Problem description: Using the listing below, output only the lines from the one that contains "Többször volt már" through the one that contains "USボーカル教室は、初心者か", inclusive, exactly as given and without images.

Records provided:
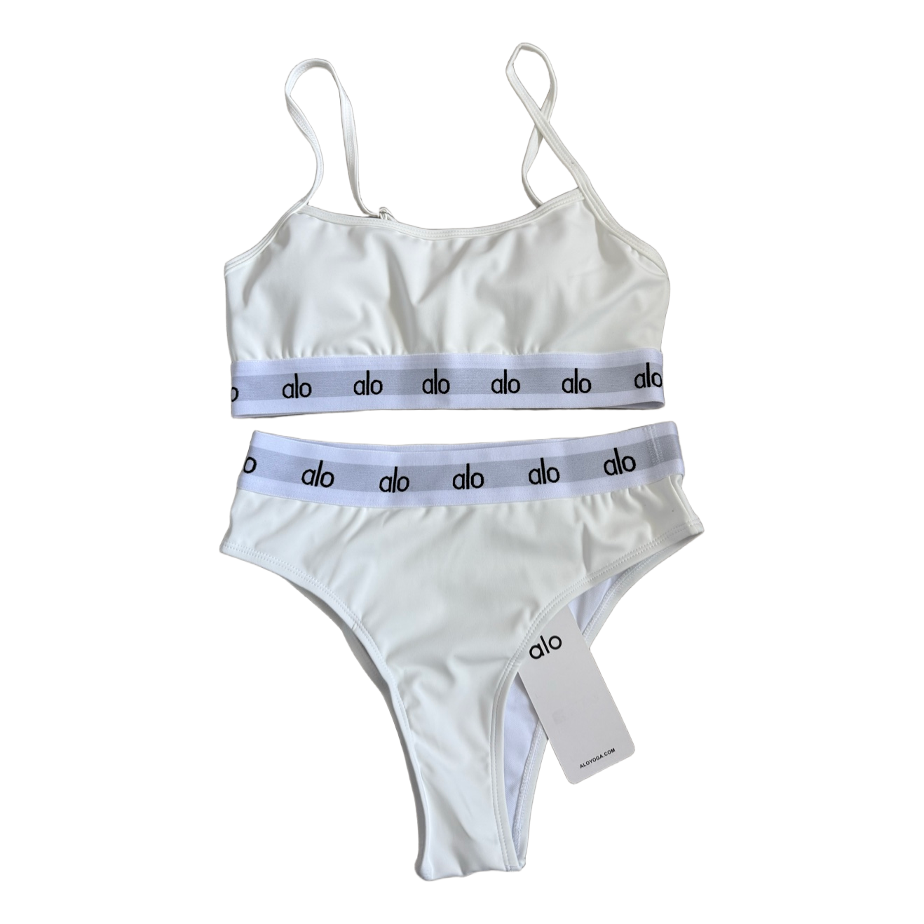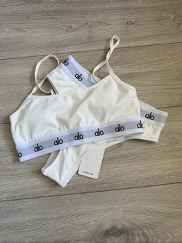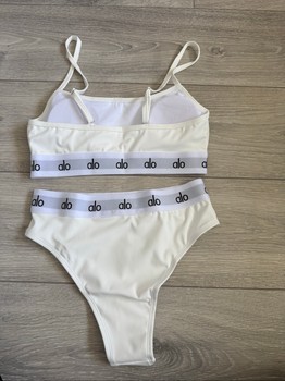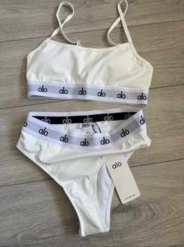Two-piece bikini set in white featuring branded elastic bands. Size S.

...

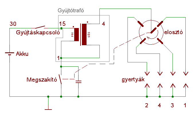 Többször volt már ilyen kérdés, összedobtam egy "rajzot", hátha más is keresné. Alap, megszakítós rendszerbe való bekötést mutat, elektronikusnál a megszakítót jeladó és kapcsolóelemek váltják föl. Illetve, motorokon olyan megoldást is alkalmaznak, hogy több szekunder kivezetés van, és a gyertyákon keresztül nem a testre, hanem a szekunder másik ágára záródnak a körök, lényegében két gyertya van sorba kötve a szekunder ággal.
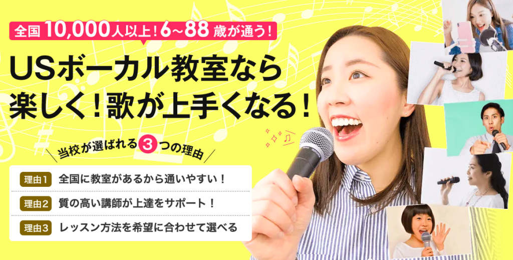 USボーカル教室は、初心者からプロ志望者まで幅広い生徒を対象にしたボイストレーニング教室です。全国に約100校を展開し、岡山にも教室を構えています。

Solution to this task:
 Többször volt már ilyen kérdés, összedobtam egy "rajzot", hátha más is keresné. Alap, megszakítós rendszerbe való bekötést mutat, elektronikusnál a megszakítót jeladó és kapcsolóelemek váltják föl. Illetve, motorokon olyan megoldást is alkalmaznak, hogy több szekunder kivezetés van, és a gyertyákon keresztül nem a testre, hanem a szekunder másik ágára záródnak a körök, lényegében két gyertya van sorba kötve a szekunder ággal.
 USボーカル教室は、初心者からプロ志望者まで幅広い生徒を対象にしたボイストレーニング教室です。全国に約100校を展開し、岡山にも教室を構えています。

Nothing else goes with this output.